Indian actor (born 1980)

Chandan Roy Sanyal (born 30 January 1980) is an Indian actor who is known for his work in the Hindi and Bengali language films of India. After graduating with a degree in mathematics, he made his acting debut in the 2006 film Rang de Basanti, in a minor role. He then received critical acclaim for his supporting roles in the 2009 action film Kaminey and in his Bengali debut, the 2010 film Mahanagar@Kolkata.
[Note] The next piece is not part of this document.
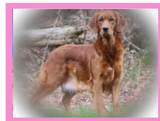
Katie (Golden Retriever)

Sanyal then went on to receive recognition for his performances in the 2012 Bengali drama film Aparajita Tumi and as an insomniac artist in the 2013 romantic drama Prague.

==Early life==
Born and brought up in Delhi, Sanyal hails from a Bengali family. Chandan studied at Raisina Bengali School and then Zakir Husain College, where he received an honors degree in mathematics.

==Career==
Sanyal made his debut as Batukeshwar Dutt in 2006's Rakeysh Omprakash Mehra film Rang De Basanti but his big break came with Vishal Bhardwaj's 2009 movie Kaminey where he got a lot of appreciation from the critics as well as audience.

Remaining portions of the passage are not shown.